A proportionate-regulation framework would address this with explicit statutory clarity: a provision permitting pre-conviction liquidation of volatile assets when specific conditions are met — judicial authorization, documented volatility risk, an international cooperation threshold — and guaranteeing a monetary remedy equal to liquidation proceeds plus interest in the event of acquittal. Ukraine does not have that provision yet.
Why the Policy Balance Still Holds
That said, the June 27 case clears several bars that matter for proportionality:
- Judicial oversight: The transfer followed a court order, not an executive determination. Judicial authorization is a meaningful, independent check.
- International coordination: The SBI worked alongside U.S. law enforcement agencies, raising the evidentiary floor substantially and reducing the risk of a solo overreach.
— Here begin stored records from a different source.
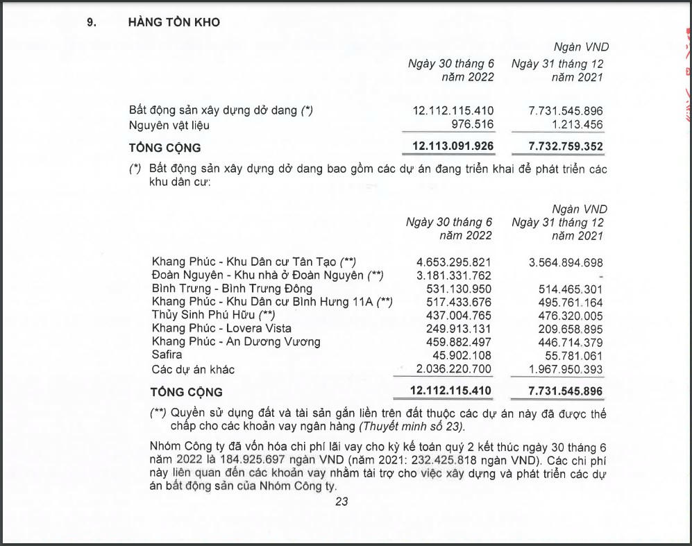 Cụ thể, kết thúc quý II/2022, hàng tồn kho của KDH tăng mạnh từ 7.732 tỷ đồng lên 12.113 tỷ đồng. Hầu hết đều là bất động sản xây dựng dở dang tại các dự án như Khang Phúc - Khu dân cư Tân Tạo; Đoàn Nguyên - Khu nhà ở Đoàn Nguyên; Khu Dân cư Bình Hưng 11A; Thủy Sinh Phú Hưuux, Lovera Vista, An Dương Vương, Safira; Bình Trưng Đông.
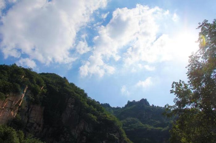 入秋时节的飞天谷,退去夏日炎热,更添飒爽之美,风拂叶动,偶有几片叶子悠悠坠落,似是挽留前来游玩的朋友。
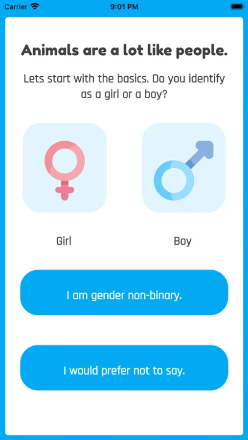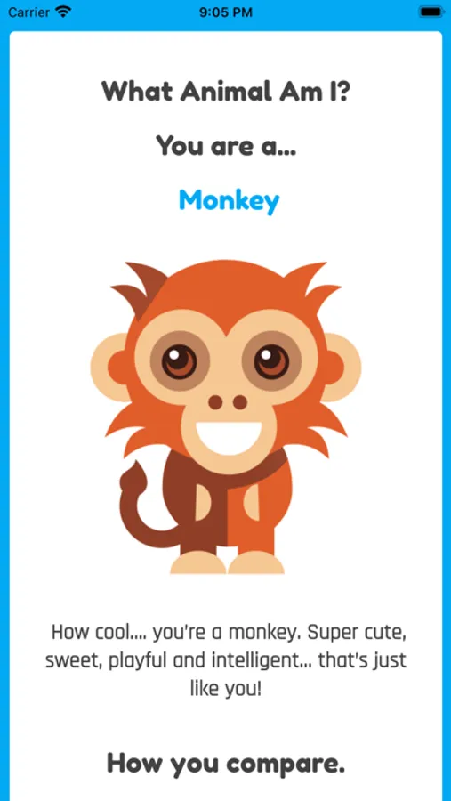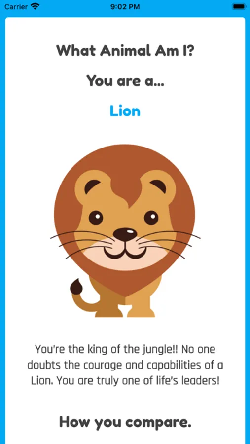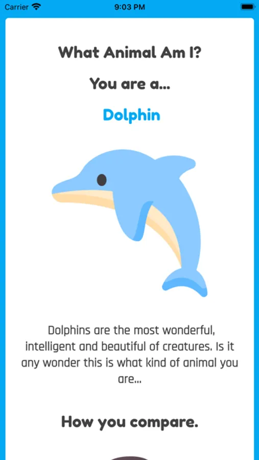 Answer some fun questions about your personality and appearance and this app will calculate what animal you are from nearly fifty different options including the fox, cat, shark, dolphin, eagle, elephant, tiger, lion, penguin, zebra and many more.
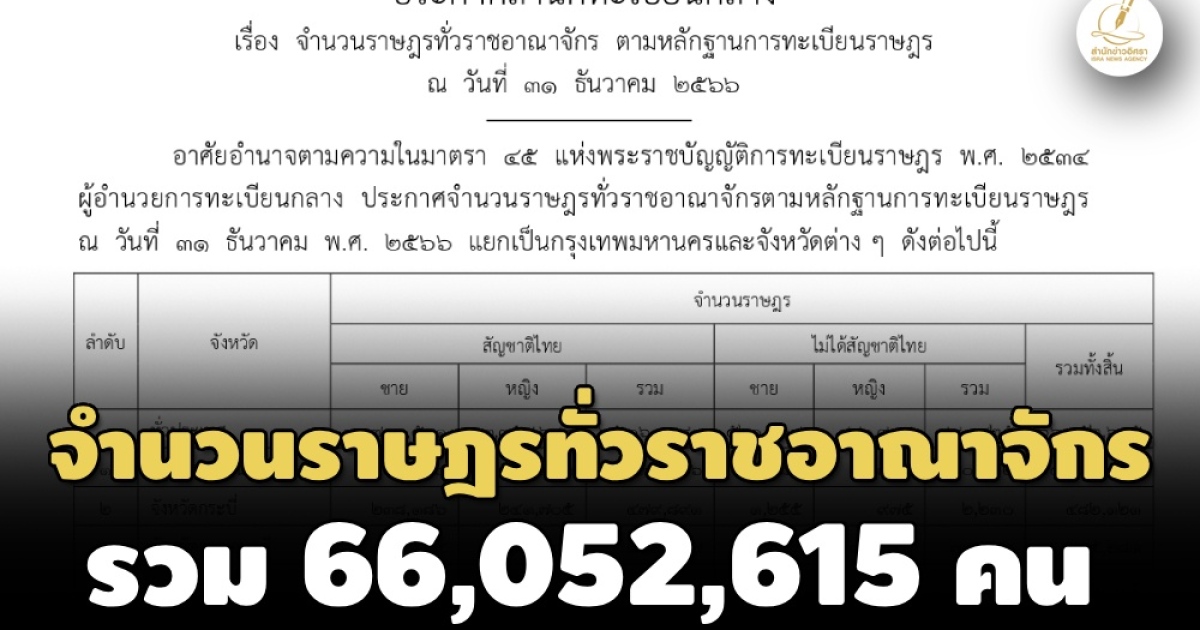 สำนักข่าวอิศรา (www.isranews.org) รายงานว่า เมื่อวันที่ 31 ม.ค. 2567 ราชกิจจานุเบกษาเผยแพร่ ประกาศสำนักทะเบียนกลาง เรื่อง จำนวนราษฎรทั่วราชอาณาจักร ตามหลักฐานการทะเบียนราษฎร ณ วันที่ 31 ธันวาคม 2566

- Custodial framing: ARMA has not claimed title — it explicitly acknowledged the funds are under management pending conviction. That framing preserves the acquittal-remedy argument as a live legal avenue.
- Wartime proportionality: The assets were extorted from victims across multiple democracies. Repurposing them for Ukraine's defense carries a moral coherence that peacetime asset forfeiture debates rarely achieve.
Other democracies have also directed seized digital assets toward public purposes. The U.S. Department of Justice has auctioned billions in seized Bitcoin from Silk Road and Bitfinex-related forfeitures, depositing proceeds into the Treasury. The UK and EU have developed crypto tracing and forfeiture capabilities. Ukraine's move extends this established pattern into a direct defense-financing instrument — novel, but not without precedent in spirit.
What This Signals
Ukraine has also declared interest in developing a national crypto strategic reserve, modeled on the U.S. strategic Bitcoin reserve. The war-bond conversion is simultaneously an immediate wartime measure and a proof of concept for the government's institutional capacity to handle digital assets.
For the broader policy world, the takeaway is this: a country under sustained military pressure has demonstrated that seized digital assets can be managed in a legally coherent, institutionally grounded way, even without a fully operative licensing regime. The Virtual Assets Law of 2022 has stalled. But ARMA's first crypto management action shows the underlying legal architecture is functional enough to support serious enforcement action under existing criminal procedure law.
The pre-conviction liquidation gap is real and will need statutory resolution — ideally through the pending virtual assets legislation Ukraine's parliament still owes to the market. But as emergency wartime measures go, the ransomware-to-war-bonds pipeline is proportionate, judicially authorized, and internationally anchored. For a country that has been improvising its own survival for four years, that is a higher standard than many expected.